The HTTP Response— general anatomy

The HTTP response block consists of a "status line" followed by any number of newline-separated header field/value pairs. HTTP/1.1 (RFC 2616) provides considerable detail about the anatomy of an HTTP response, but in this overview we will only examine some of its most popular field/value components. The format that HTTP header name/value pairs follows is generally:

[Field Name (case-insensitive)]: [Field Value]

HTTP header response fields

First we will take a look at the most popular HTTP header fields in MAMA's URL set.

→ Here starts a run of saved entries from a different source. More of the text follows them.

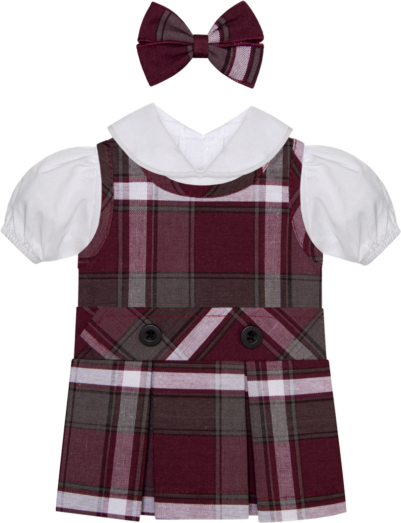 - Jumper with blouse and matching bow fits dolls or stuffed animals
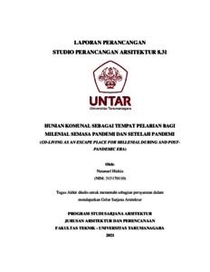 Hizkia, Natanael (2021) Hunian komunal sebagai tempat pelarian bagi milenial semasa pandemi dan setelah pandemi. Skripsi thesis, Universitas Tarumanagara.
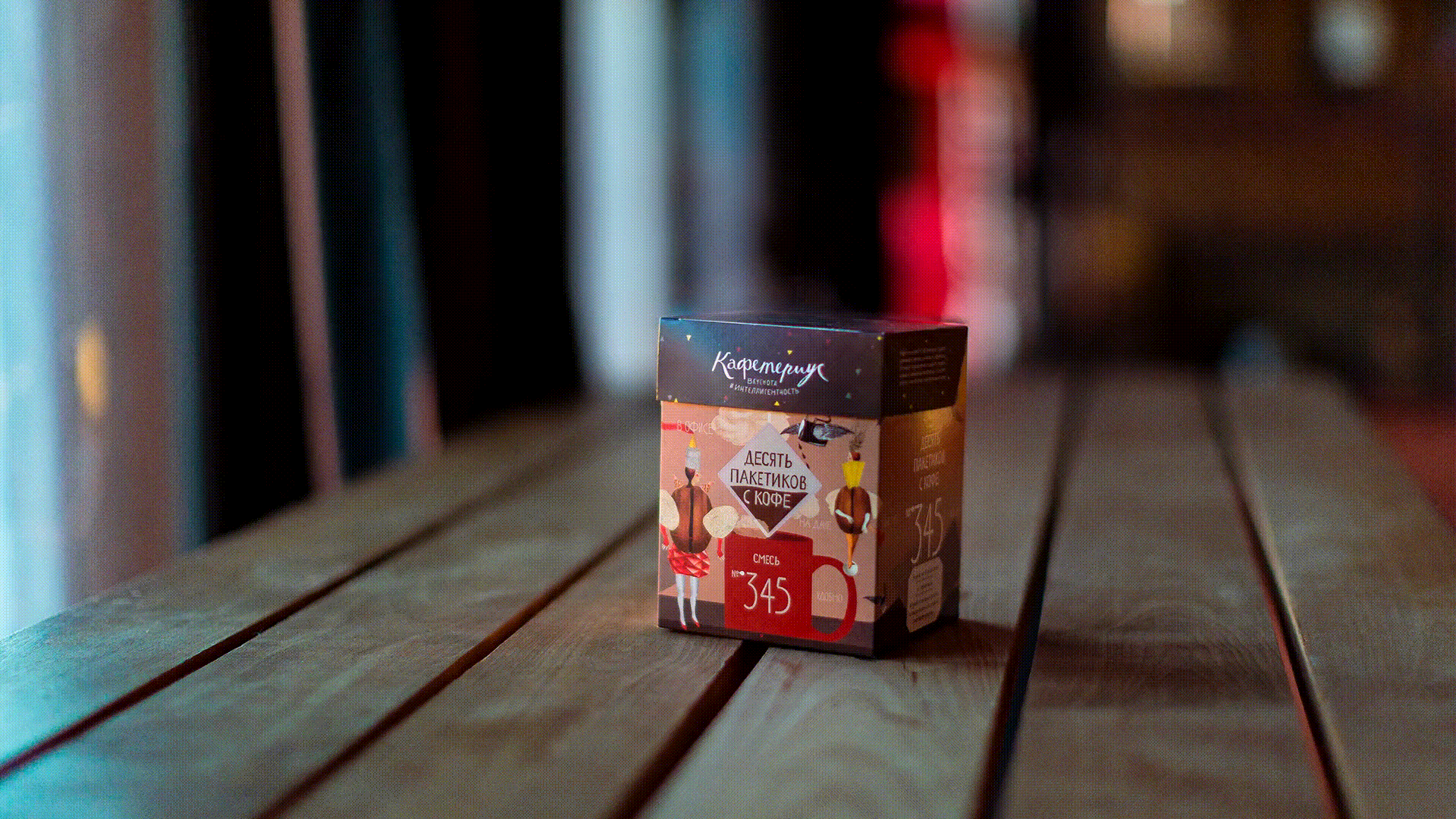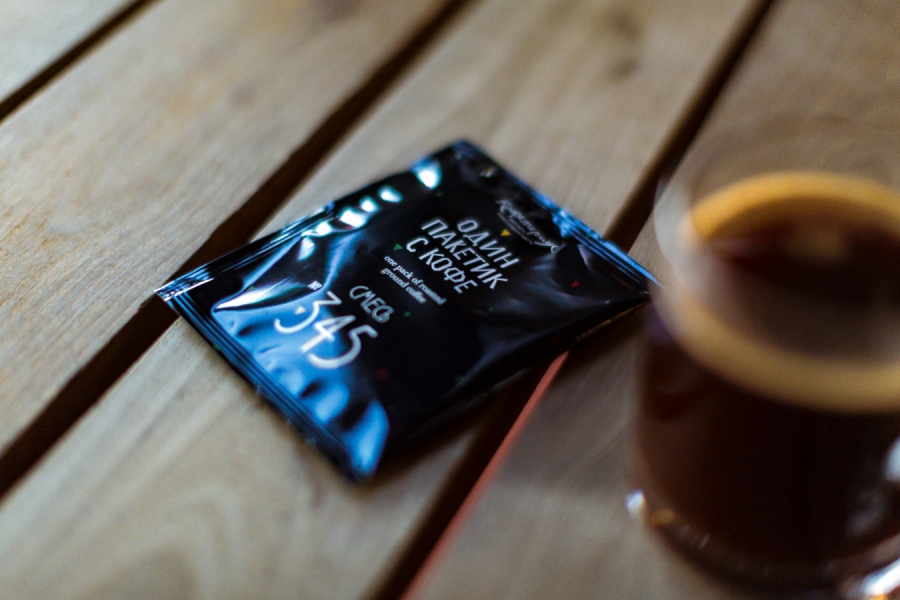 Сегодня Студия сообщила о том, что кофейни теперь производят «Смесь № 345» в заварочных пакетиках. В каждом пакетике — десять грамм свежеобжаренного молотого кофе (два сорта арабики из Бразилии и Эфиопии, взятые в равных пропорциях).

Three fields were found to be nearly universal: Content-Type (the MIME type of the document), Date (the date of the HTTP transaction) and Server (information about the Web server sending the HTTP response).

Most popular HTTP header fields (top 10)
Header name Quantity Percentage   Header name Quantity Percentage
Content-Type 3,508,919 100.0% Last-Modified 2,129,100 60.7%
Date 3,504,603 99.9% Content-Range 2,068,687 59.0%
Server 3,465,179 98.8% ETag 1,954,567 55.7%
Connection 2,851,099 81.3% Accept-Ranges 1,870,170 53.3%
Content-Length 2,534,203 72.2% X-Powered-By 1,348,347 38.4%

Although many of the other HTTP header fields are not as ubiquitous as the top 3, we can see from the top 10 that many other headers are used VERY frequently. The average is 9 fields for an HTTP header.

Popularity of HTTP header field quantity (top 10)
Number
of fields
Quantity Percentage
9 1,601,744 45.6%
10 377,903 10.8%
7 373,266 10.6%
6 327,701 9.3%
8 307,215 8.8%
5 196,896 5.6%
11 160,630 4.6%
12 82,386 2.4%
13 33,923 1.0%
4 15,652 0.5%

The average length of a typical HTTP header in MAMA's URL set is 381 characters. The smallest HTTP header block encountered was 66 characters, while the longest found was 9,725 characters.

Content-Type HTTP header "charset" value

While the purpose of the Content-Type header to describe a document's MIME type is naturally ubiquitous, MAMA's URL selection process eliminated MIME types that it could not analyze. The URLs that MAMA surveyed were almost all "text/html", but other values were also encountered.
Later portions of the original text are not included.